_REQUIREMENT_
The answer must consist solely of the lines from the line with "Für die Erweiterung" to the end of the data below, transcribed exactly and with no pictures.

_PROVIDED DATA_
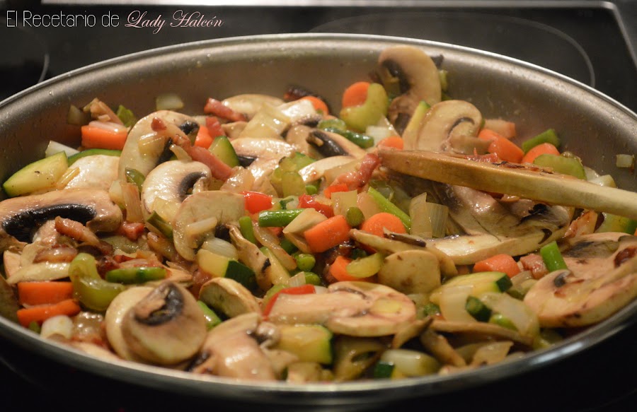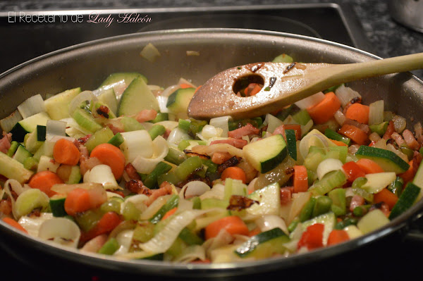 Además, es un plato muy fácil de adaptar a lo que tengamos en la nevera. Y si lo queréis hacer vegetariano, solo tenéis que cambiar el bacon por tofu u otra cosa que destaque entre las verduras y listo.
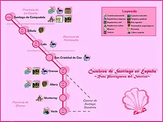 Para muitos autores, o percurso do Caminho de Santiago entre Ourense e Santiago de Compostela faz também parte do Caminho Sanabrês. Por este percurso, os peregrinos provenientes de Portugal entram na Galiza por Verín, situada 15 km a norte da fronteira de Chaves.
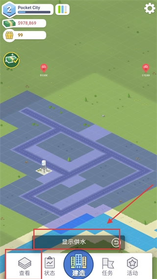 点击【显示供水】按钮可查看供水覆盖范围,再通过【建造】功能规划道路与供水设施,以此实现城市的合理布局。
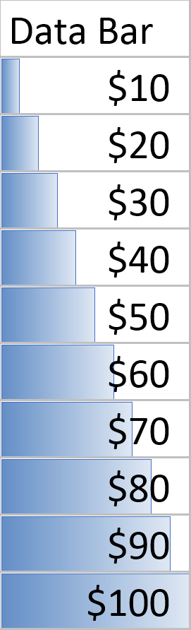 C# Data Bar SpreadsheetGear API SampleExcel-Compatible Samples for .NET Other C# API SamplesDescriptionCreate a Data Bar Conditional Format.Sample C# Source Code// Create a new workbook and some local variables. SpreadsheetGear.IWorkbook workbook = SpreadsheetGear.Factory.GetWorkbook(); SpreadsheetGear.IWorksheet worksheet = workbook.ActiveWorksheet; SpreadsheetGear.IRange cells = worksheet.Cells; // Add a title to a cell. cells["A1"].Formula = "Data Bar"; // Get a reference to a range of cells. SpreadsheetGear.IRange range = cells["A2:A11"]; // Load data and format as $ using multiple cell range. range.Formula = "=ROW() * 10 - 10"; range.NumberFormat = "$#,##0_);($#,##0)"; // Get a reference to the range's conditional formats collection. SpreadsheetGear.IFormatConditions conditions = range.FormatConditions; // Add data bar conditional format. SpreadsheetGear.IFormatCondition condition = conditions.AddDatabar(); // Get a reference to the data bar condition. SpreadsheetGear.IDatabar dataBar = condition.Databar; // Get a reference to the data bar border and apply formatting. SpreadsheetGear.IDataBarBorder barBorder = dataBar.BarBorder; barBorder.Type = SpreadsheetGear.DataBarBorderType.Solid; barBorder.Color.ThemeColor = SpreadsheetGear.Themes.ColorSchemeIndex.Accent1; // Set min and max scale values. dataBar.MinPoint.Modify(SpreadsheetGear.ConditionValueTypes.Number, 0); dataBar.MaxPoint.Modify(SpreadsheetGear.ConditionValueTypes.Number, 100);
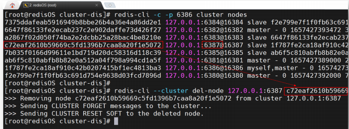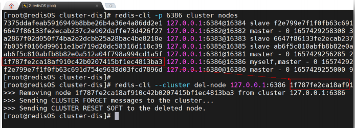 redis-cli --cluster del-node <delHost>:<delPort> delNodeID
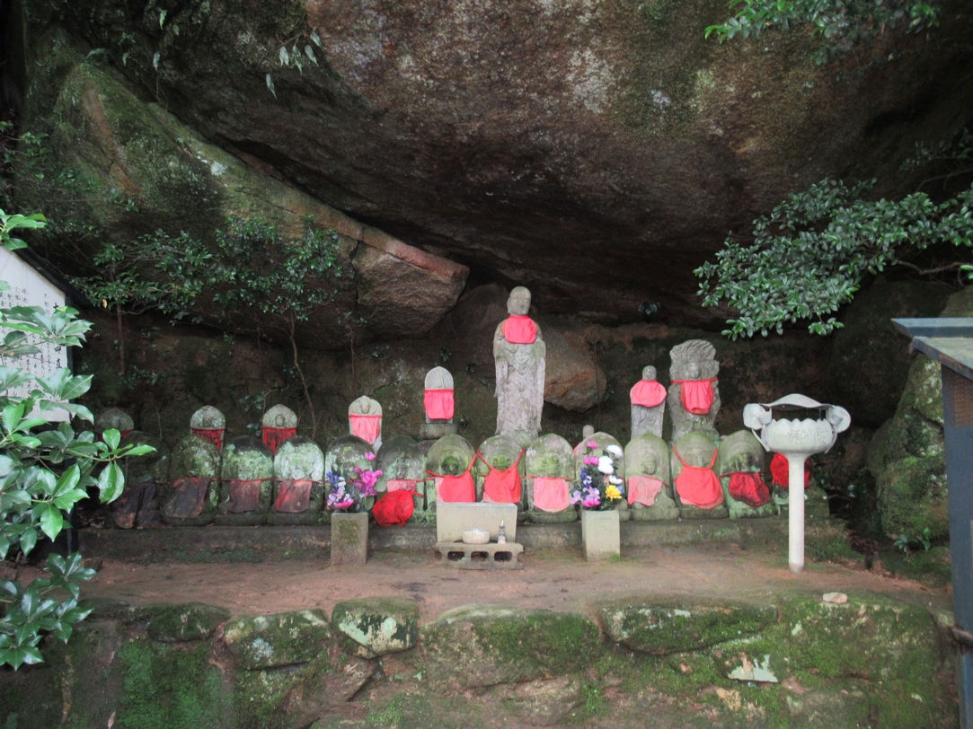 Sur le chemin, on croise des petits bouddhas, des rochers « magiques », dont le Kuguri iwa, le « rocher “arche”, formé naturellement par d’énormes rochers. Le franchir est un passage obligé pour accéder au sommet du Mont Misen.
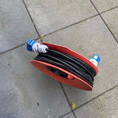 Lidt rust og ridser på rammen med kablet er helt og fint.
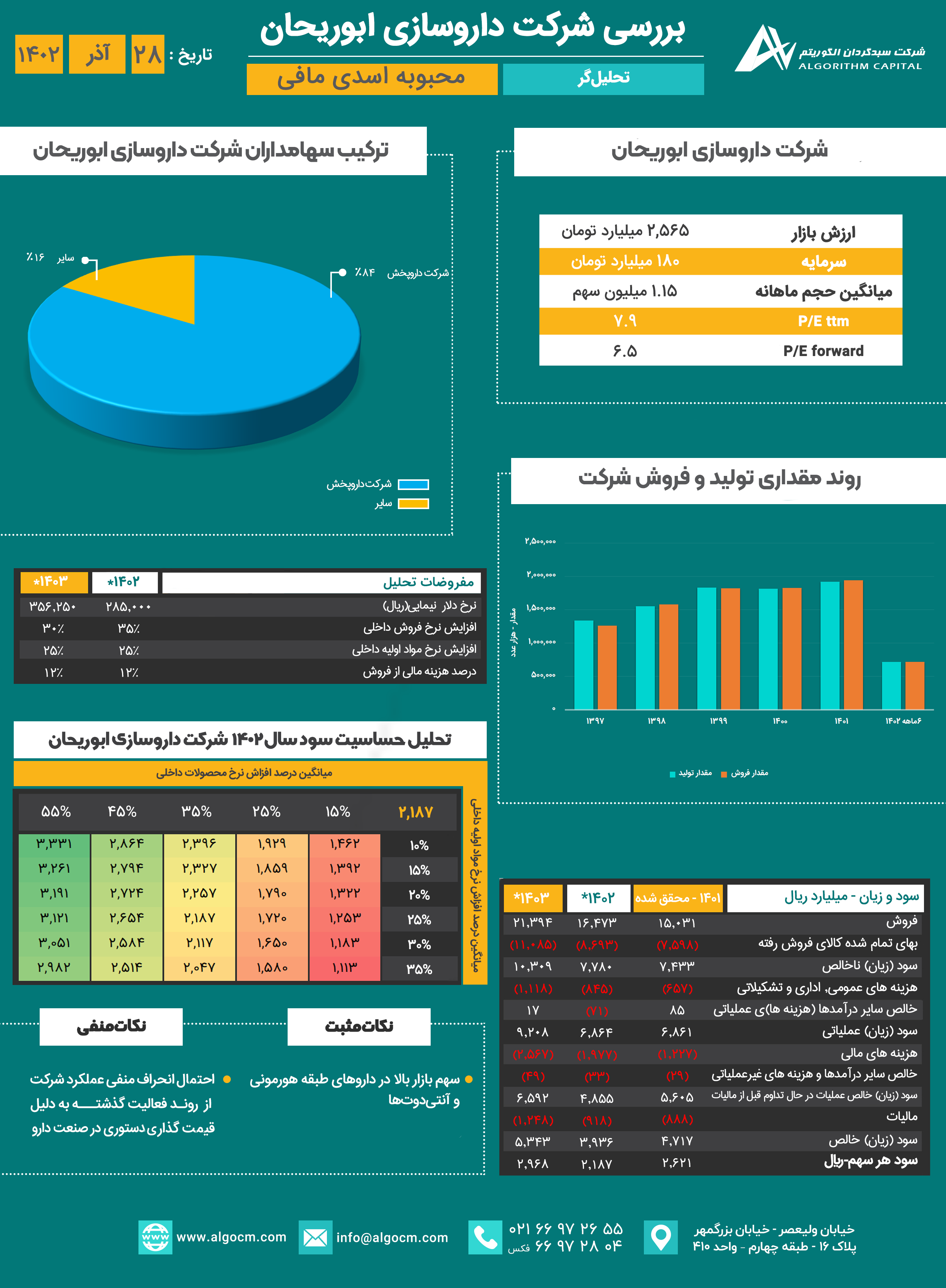 شرکت داروسازی ابوریحان جزء شرکتهای فرعی داروپخش بوده و واحد تجاری نهایی گروه، شرکت سرمایهگذاری تأمین اجتماعی میباشد. تولیدات شرکت در دو گروه داروهای انسانی و دامی طبقهبندی میشود. این شرکت به عنوان یکی از بزرگترین تولیدکنندگان داروهای هورمونی در کشور فعال است و محصولات خود را در بازار داخلی و در برخی کشــورهای آسیایی، حوزه CIS و کشــورهای آفریقایی ( اوگاندا ) عرضه مینماید.
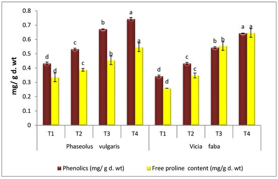 Effect of A. terreus on phenolics and free proline content of Rhizoctonia solani-infected P. vulgaris and V. faba plants. T1 = Healthy control; T2 = Infected control; T3 = Healthy with A. terreus, and T4 = Infected with A. terreus. Data are presented as means ± SD (n = 3). Data are from the LSD test at p ≤ 0.05. (a, b, c and d: symbols of significance letters).
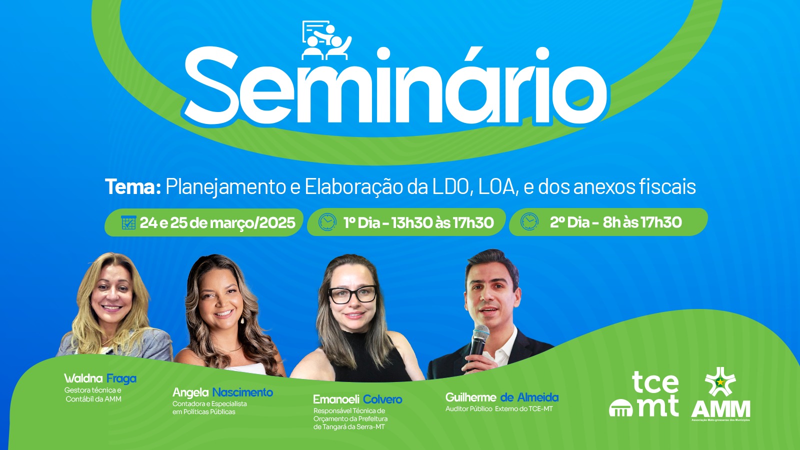 A Associação Mato-Grossense dos Municípios (AMM), em parceria com o Tribunal de Contas do Estado de Mato Grosso (TCE-MT), realiza, nos dias 24 e 25 de março, a mais uma edição do Seminário de Formação, com o tema “Gestão Fiscal na Prática: Planejamento e Execução Orçamentária para Municípios”.
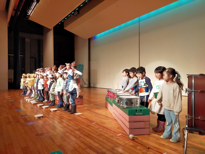発表会でブレーメンのおんがくたいをしました♪ 楽器演奏もして楽しい思い出となりましたね!
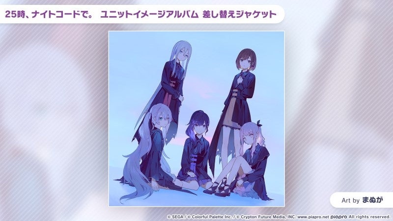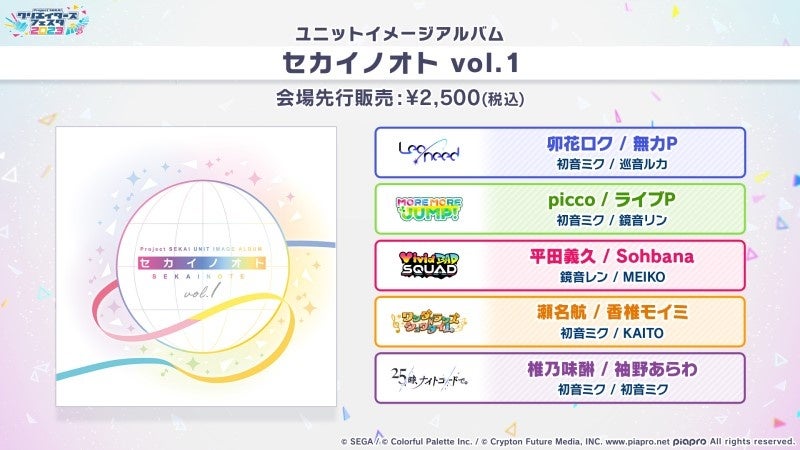『プロジェクトセカイ』に登場する各ユニットのイメージアルバム「セカイノオト vol.1」が、クリエイターズフェスタの会場で2,500円(税込)にて先行販売いたします。「セカイノオト vol.1」には、差し替えが可能な5種類のジャケットが付属しています。
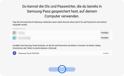 Für die Erweiterung musst du denselben Samsung Account nutzen wie Samsung Pass für PC.
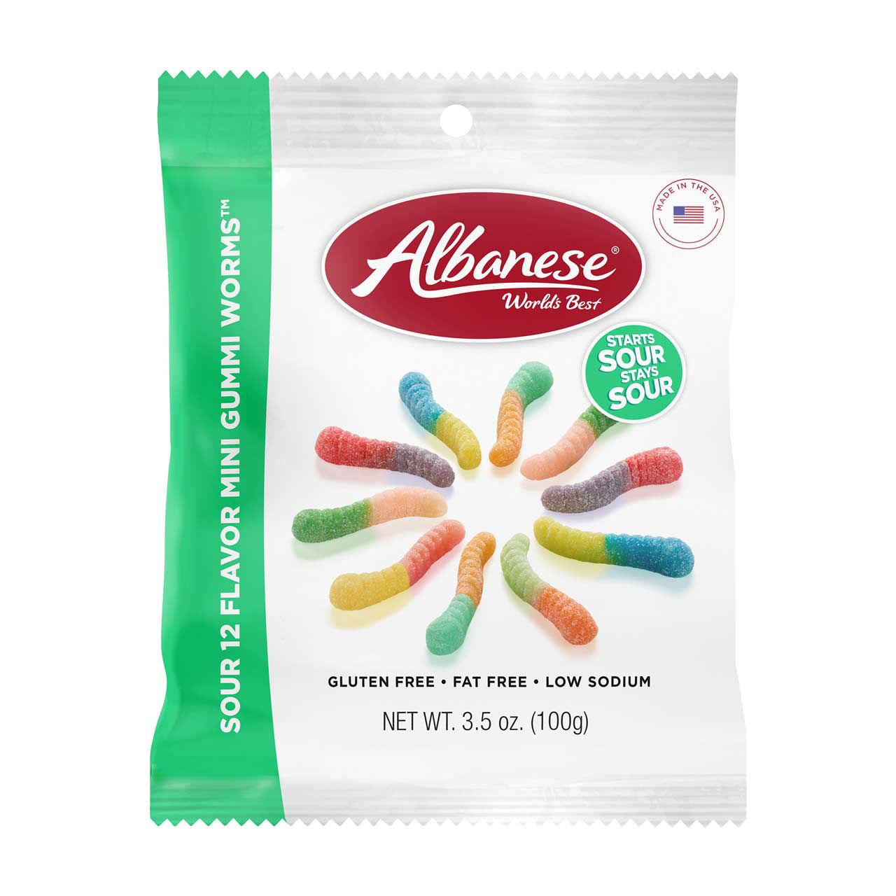 - 3.5oz bag of Albanese 12 Flavor Sour Mini Gummi Worms

_RESULT OF THE TASK_
 Für die Erweiterung musst du denselben Samsung Account nutzen wie Samsung Pass für PC.
 - 3.5oz bag of Albanese 12 Flavor Sour Mini Gummi Worms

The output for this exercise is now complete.